34. Pumpkin Pie Mousse
- Description: A creamy, spiced mousse that captures the flavors of pumpkin pie.
- Ingredients:
- 1 cup canned pumpkin
- 1/2 cup non-fat Greek yogurt
- 1 tbsp sugar substitute
- 1/2 tsp pumpkin pie spice
- Instructions:
- Mix all ingredients in a bowl until smooth.
- Chill for 1 hour before serving.
- Nutrition Facts:
- 2 Weight Watchers points per serving
- 100 calories
- Recipe Notes: Serve in small cups and top with a sprinkle of cinnamon.
35. Skinny Peaches and Cream Popsicles
- Description: Cool, creamy popsicles with sweet peachy goodness.
- Ingredients:
- 1 cup diced fresh peaches
- 1 cup non-fat Greek yogurt
- 1 tbsp honey
- Instructions:
- Blend all ingredients until smooth.
- Pour mixture into popsicle molds and freeze for 4-6 hours.
- Remove from molds and enjoy.
- Nutrition Facts:
- 2 Weight Watchers points per popsicle
- 100 calories
- Recipe Notes: Substitute peaches with mango or strawberries for variety.
36. Mini Lemon Cheesecake Bites
- Description: Tart and tangy cheesecake bites that are perfect for portion control.
- Ingredients:
- 1/2 cup fat-free cream cheese
- 2 tbsp sugar substitute
- 1 tsp lemon juice
- 1 graham cracker sheet, crushed
- Instructions:
- Mix cream cheese, sugar substitute, and lemon juice until smooth.
- Spoon mixture into mini muffin cups lined with crushed graham crackers.
- Chill for 1-2 hours before serving.
- Nutrition Facts:
- 3 Weight Watchers points per bite
- 120 calories
- Recipe Notes: Garnish with a small slice of lemon for a pretty presentation.
37. Pineapple Upside-Down Cake Cups
- Description: Individual-sized pineapple cakes with a caramelized top.
- Ingredients:
- 4 pineapple rings (canned in juice)
- 1/2 cup oat flour
- 1/4 cup sugar substitute
- 1/4 cup unsweetened applesauce
- 1/2 tsp baking powder
- Instructions:
- Preheat oven to 350°F (175°C) and grease a muffin tin.

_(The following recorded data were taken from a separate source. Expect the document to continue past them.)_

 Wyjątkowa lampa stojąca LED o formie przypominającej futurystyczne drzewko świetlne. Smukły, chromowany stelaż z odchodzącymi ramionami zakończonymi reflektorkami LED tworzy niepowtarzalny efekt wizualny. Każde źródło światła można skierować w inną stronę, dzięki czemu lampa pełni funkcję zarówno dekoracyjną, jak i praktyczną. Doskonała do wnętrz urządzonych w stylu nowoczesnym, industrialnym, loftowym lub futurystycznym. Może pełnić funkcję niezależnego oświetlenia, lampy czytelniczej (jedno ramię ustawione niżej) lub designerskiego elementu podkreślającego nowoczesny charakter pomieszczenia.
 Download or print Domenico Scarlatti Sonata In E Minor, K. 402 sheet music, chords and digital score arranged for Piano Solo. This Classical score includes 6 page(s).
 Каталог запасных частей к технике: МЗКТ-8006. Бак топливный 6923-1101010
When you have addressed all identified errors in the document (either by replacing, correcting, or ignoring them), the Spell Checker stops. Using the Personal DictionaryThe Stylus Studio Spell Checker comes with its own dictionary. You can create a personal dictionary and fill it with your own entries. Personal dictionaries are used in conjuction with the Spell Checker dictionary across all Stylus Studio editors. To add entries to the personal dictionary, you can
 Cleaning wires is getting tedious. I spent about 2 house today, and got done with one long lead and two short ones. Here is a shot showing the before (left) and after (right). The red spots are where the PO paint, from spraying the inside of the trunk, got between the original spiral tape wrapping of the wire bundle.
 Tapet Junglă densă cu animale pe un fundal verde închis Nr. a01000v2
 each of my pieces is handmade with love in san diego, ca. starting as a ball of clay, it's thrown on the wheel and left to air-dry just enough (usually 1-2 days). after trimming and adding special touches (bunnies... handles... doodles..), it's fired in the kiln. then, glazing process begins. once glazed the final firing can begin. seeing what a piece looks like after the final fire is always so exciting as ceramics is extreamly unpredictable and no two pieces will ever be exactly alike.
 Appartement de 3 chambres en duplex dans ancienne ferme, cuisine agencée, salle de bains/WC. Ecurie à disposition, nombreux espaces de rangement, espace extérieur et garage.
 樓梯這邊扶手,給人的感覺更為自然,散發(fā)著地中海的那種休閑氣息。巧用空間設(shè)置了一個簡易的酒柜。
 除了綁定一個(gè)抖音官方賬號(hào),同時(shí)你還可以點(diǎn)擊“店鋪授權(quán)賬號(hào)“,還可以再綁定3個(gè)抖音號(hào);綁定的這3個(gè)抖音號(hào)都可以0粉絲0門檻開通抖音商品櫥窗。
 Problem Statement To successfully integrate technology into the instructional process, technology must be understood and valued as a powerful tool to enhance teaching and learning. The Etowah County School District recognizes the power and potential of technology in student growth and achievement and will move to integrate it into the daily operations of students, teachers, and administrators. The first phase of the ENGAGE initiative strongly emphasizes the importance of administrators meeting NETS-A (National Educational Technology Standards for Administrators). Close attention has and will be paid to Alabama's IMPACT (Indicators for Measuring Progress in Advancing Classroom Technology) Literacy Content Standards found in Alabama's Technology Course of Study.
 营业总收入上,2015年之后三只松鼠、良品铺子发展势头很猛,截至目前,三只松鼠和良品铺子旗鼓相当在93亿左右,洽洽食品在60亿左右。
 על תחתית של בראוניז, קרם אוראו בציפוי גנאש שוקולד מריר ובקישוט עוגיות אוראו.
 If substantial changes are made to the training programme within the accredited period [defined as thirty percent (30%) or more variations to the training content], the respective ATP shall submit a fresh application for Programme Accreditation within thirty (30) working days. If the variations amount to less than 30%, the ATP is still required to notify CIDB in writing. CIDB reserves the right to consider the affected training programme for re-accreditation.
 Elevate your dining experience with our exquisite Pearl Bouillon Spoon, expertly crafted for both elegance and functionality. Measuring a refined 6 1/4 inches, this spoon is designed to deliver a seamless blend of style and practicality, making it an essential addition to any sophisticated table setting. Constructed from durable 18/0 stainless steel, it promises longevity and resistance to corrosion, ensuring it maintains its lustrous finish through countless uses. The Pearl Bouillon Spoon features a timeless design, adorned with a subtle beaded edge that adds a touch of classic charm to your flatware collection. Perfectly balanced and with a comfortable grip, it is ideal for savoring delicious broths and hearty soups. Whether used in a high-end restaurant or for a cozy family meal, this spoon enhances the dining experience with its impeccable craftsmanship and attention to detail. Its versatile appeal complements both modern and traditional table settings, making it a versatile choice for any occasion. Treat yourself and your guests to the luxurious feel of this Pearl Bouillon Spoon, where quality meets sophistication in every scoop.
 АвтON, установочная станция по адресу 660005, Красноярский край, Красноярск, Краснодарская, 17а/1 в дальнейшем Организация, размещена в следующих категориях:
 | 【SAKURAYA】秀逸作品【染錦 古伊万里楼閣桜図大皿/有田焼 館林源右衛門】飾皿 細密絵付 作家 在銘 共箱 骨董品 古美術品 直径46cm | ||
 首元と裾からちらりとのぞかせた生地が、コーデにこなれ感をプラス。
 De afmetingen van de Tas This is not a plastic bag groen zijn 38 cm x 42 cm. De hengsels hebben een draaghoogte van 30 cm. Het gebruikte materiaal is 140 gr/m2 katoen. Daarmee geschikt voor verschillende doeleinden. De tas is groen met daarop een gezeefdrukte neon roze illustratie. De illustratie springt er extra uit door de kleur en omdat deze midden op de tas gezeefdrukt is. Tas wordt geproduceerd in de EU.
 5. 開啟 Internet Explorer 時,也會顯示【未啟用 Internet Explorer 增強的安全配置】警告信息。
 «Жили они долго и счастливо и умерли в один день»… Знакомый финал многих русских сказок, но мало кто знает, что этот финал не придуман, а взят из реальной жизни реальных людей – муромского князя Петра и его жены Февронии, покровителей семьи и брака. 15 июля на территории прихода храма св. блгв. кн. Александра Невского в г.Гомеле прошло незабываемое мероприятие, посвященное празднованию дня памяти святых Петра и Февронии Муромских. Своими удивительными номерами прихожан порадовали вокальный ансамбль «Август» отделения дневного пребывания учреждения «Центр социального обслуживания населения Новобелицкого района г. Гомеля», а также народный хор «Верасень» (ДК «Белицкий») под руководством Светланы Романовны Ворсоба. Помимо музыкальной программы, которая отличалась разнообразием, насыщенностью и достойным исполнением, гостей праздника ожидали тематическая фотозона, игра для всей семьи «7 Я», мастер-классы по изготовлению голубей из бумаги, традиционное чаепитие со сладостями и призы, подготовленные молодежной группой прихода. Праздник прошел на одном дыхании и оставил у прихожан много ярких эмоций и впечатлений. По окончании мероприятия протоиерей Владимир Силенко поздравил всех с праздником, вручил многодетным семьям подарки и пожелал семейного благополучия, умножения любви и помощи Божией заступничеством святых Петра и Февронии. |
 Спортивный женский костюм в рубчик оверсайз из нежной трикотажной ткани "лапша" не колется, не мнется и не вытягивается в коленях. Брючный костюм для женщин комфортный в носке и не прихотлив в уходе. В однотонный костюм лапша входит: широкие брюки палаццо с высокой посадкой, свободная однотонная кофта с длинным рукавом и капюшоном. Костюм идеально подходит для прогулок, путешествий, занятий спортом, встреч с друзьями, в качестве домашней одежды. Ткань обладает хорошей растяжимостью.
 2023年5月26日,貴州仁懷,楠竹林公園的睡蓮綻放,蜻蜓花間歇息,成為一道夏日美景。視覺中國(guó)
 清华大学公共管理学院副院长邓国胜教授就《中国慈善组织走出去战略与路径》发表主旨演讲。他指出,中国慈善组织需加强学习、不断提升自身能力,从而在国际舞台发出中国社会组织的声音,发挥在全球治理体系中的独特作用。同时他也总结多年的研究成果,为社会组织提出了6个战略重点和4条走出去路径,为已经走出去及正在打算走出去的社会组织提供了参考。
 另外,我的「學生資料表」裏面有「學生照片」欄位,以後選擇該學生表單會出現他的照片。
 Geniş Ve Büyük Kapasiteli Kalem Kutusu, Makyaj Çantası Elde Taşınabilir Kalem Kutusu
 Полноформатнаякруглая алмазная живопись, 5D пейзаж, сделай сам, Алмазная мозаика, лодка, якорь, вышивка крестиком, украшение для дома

- Place a pineapple ring in each muffin cup.
- Mix remaining ingredients and pour batter over the pineapple rings.
- Bake for 15-20 minutes and let cool before removing from tin.
- Nutrition Facts:
- 4 Weight Watchers points per cup
- 150 calories
- Recipe Notes: Perfect for parties or a tropical-inspired treat.
Final Thoughts
Who says you can’t have it all?
With these Weight Watchers desserts, you can enjoy the sweetness of life without sidetracking your health goals.
From the rich indulgence of Skinny Chocolate Lava Cake to the refreshing simplicity of Frozen Greek Yogurt Bark, these recipes prove that healthy eating can be delicious, exciting, and oh-so-satisfying.
Desserts aren’t just about feeding your cravings—they’re about celebrating life’s little moments, sharing joy with loved ones, and treating yourself with kindness. Whether you’re planning a week of smart snacking or hosting a dinner party, these recipes have you covered.
Remember, the Weight Watchers journey is about balance, not perfection. So go ahead, savor that Peanut Butter Chocolate Mug Cake or whip up a batch of Cinnamon Apple Crisp. You’ve earned it.